TASK REQUIREMENTS -
Once the line holding "Stilles - stadig" appears, repeat it and each line after it to the end of the data, exactly and with nothing else; pictures stay out.

SUPPLIED DATA -
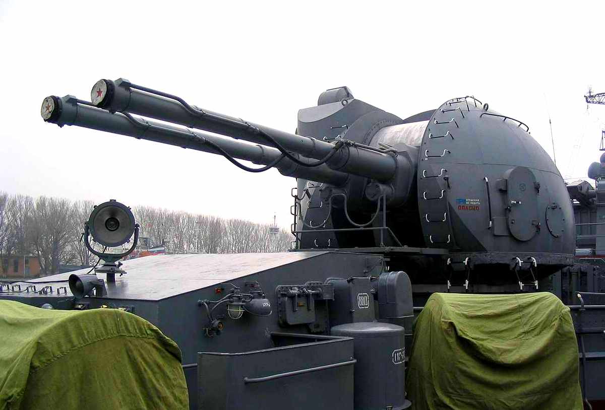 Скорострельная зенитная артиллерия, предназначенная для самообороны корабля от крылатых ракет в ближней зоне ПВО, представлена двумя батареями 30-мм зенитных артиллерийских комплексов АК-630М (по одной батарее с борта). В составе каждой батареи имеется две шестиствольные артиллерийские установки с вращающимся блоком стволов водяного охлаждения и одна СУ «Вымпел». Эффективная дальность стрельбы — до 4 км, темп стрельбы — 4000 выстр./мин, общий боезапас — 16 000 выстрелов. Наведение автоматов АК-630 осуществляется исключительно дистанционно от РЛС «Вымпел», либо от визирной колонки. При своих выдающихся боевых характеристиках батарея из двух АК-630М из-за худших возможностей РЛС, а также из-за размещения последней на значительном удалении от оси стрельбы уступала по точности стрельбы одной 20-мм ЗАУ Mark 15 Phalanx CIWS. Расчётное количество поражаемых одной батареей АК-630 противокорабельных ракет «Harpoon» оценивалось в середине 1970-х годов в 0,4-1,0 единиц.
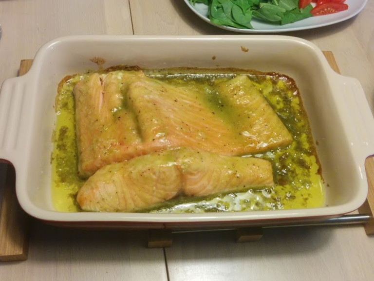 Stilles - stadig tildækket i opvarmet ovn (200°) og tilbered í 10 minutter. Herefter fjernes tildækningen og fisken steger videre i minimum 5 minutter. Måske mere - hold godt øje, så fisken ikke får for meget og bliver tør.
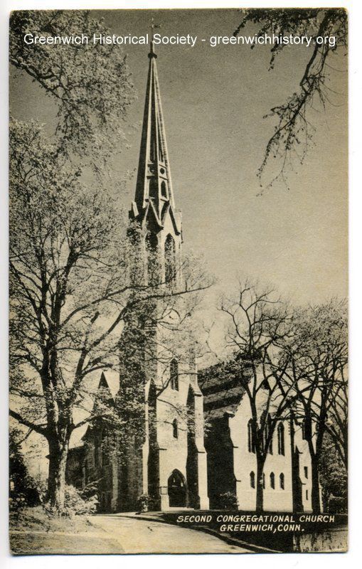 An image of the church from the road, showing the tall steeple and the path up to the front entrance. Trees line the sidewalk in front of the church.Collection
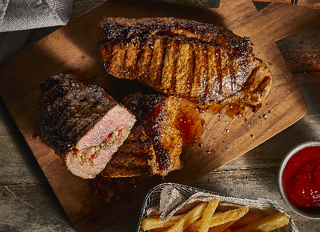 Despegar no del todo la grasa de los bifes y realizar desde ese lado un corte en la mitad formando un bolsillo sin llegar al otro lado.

EXERCISE OUTPUT -
 Stilles - stadig tildækket i opvarmet ovn (200°) og tilbered í 10 minutter. Herefter fjernes tildækningen og fisken steger videre i minimum 5 minutter. Måske mere - hold godt øje, så fisken ikke får for meget og bliver tør.
 An image of the church from the road, showing the tall steeple and the path up to the front entrance. Trees line the sidewalk in front of the church.Collection
 Despegar no del todo la grasa de los bifes y realizar desde ese lado un corte en la mitad formando un bolsillo sin llegar al otro lado.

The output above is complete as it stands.